REDDOG is... a geriatric cunt who rarely sets foot in a gym.

Here's proof:


----------



## REDDOG309 (Sep 18, 2012)

That bitch right there is pushing 54 years old and spends a fair amount of time in the gym so he don't like the john's who come calling to fuck your crackhead mommy in the ass. But as KOS would say at least I'm not some anonymous cunt posting other people's pics. Thanks for your imput, now go fuck yourself.


----------



## cube789 (Sep 18, 2012)

waay more jacked n tanned than azza


----------



## REDDOG309 (Sep 18, 2012)

I take alot of illegal drugs, just none of them that make you jacked and tanned.


----------



## jitbjake88 (Sep 18, 2012)

Fuck off Eddie.


----------



## REDDOG309 (Sep 18, 2012)

yeah fuck off eddie


----------



## cube789 (Sep 18, 2012)

and off he fucked


----------



## coolhandjames (Sep 18, 2012)




----------



## azza1971 (Sep 18, 2012)

i thought he?d be bigger, with the way he talks, he looks like a guy with issues, but at least he has pics and the red cunt is right about all the other anon cunts here?..


----------



## REDDOG309 (Sep 18, 2012)

you don't have to be big to pick on pedo's, you just have to know right from wrong


----------



## custom (Sep 18, 2012)

The AIDS virus is taking its time with AZZA. He should be dead by now


----------



## azza1971 (Sep 19, 2012)

custom said:


> The AIDS virus is taking its time with AZZA. He should be dead by now



after 5 years of having the virus, i decided to let AIDS go?.


----------



## azza1971 (Sep 19, 2012)

REDDOG309 said:


> you don't have to be big to pick on pedo's, you just have to know right from wrong



you were molested by your sister right?


----------



## Aries1 (Sep 19, 2012)

lol...Red, you old goober-gobbler.


----------



## REDDOG309 (Sep 19, 2012)

^^^^M.D. sweeping out the trash again I see................


----------



## charley (Sep 19, 2012)

=  fuck off eddie...


----------



## ctr10 (Sep 19, 2012)

Negged Edward for fucking with my man REDDOG.


----------



## Aries1 (Sep 19, 2012)

REDDOG309 said:


> ^^^^M.D. sweeping out the trash again I see................


Grumpy old man...


----------



## Entitled (Sep 19, 2012)

Funny how so many naive peons come to the defense of an elderly cretin.


----------



## REDDOG309 (Sep 19, 2012)

funny how a window licka keeps coming back with new screen names cause he likes to hang around real men to make himself feel better. you go on with your bad ass self eddie. I may be as old as your daddy (if you even know who he is) but I ain't your daddy cause any load I dropped around your whore mommy was on her chin. 
have a nice day and start thinking about your next screen name.


----------



## Entitled (Sep 19, 2012)

REDDOG309 said:


> funny how a window licka keeps coming back with new screen names cause he likes to hang around real men to make himself feel better. you go on with your bad ass self eddie. I may be as old as your daddy (if you even know who he is) but I ain't your daddy cause any load I dropped around your whore mommy was on her chin.
> have a nice day and start thinking about your next screen name.

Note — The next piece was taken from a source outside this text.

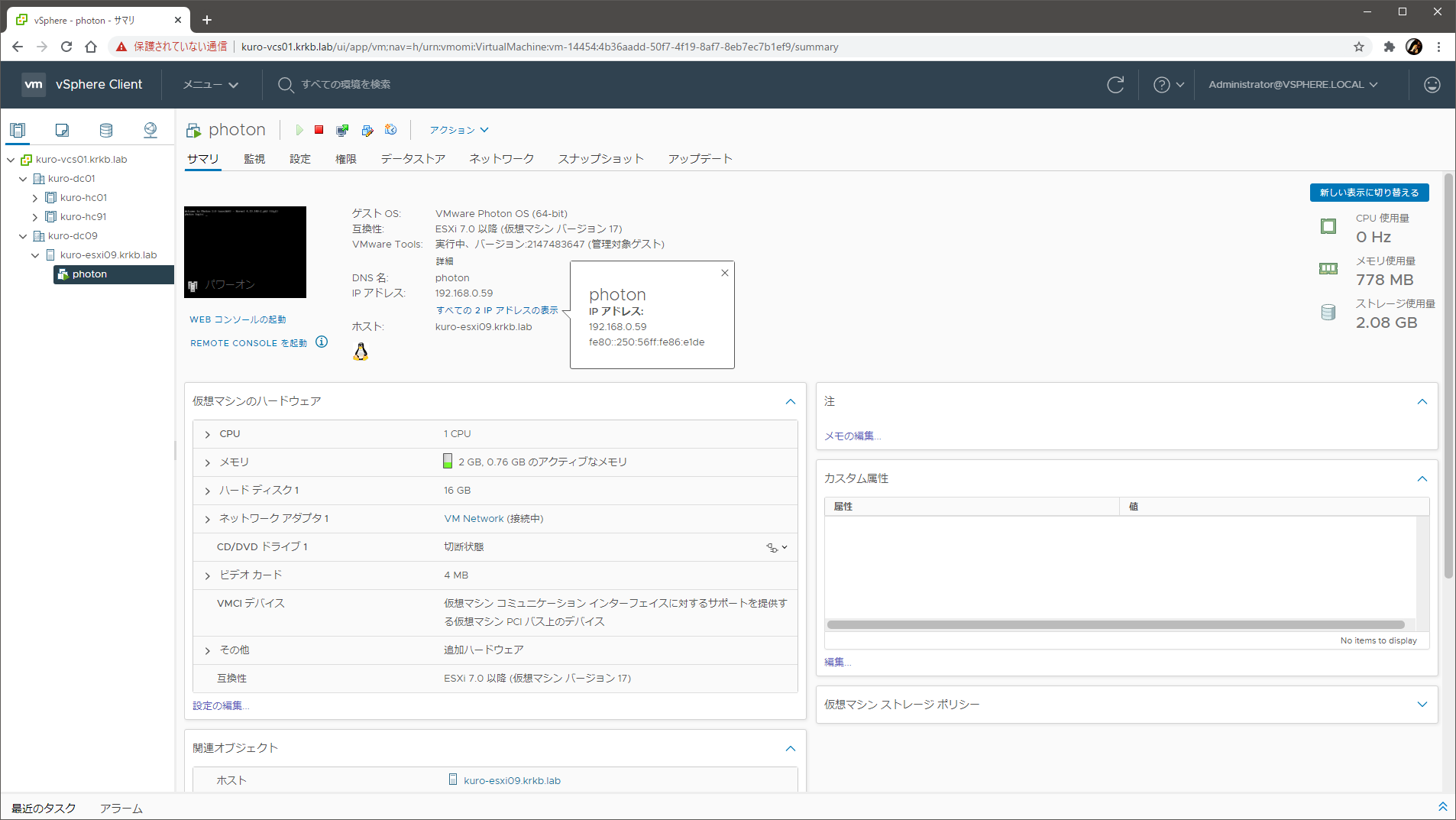 vCenter Server にも登録できました。時刻がズレすぎていると証明書のいろいろで失敗することがある(Unable to push signed certificate to host なエラーが出る)ので、そこだけ登録前に Host Client で直したほうがよさそうです。

Senility must be a badge of honor in your insignificant household.
I will not let your confusion and irrationality get me down gramps.

Maybe your repulsive chamber maid of a "wife" can provide you
with the pills to temporarily overcome your deluded state of mind.

And you have "many" good days wasting your $$$ on gym appointments.


----------



## charley (Sep 19, 2012)

Entitled said:


> Funny how so many naive peons come to the defense of an elderly cretin.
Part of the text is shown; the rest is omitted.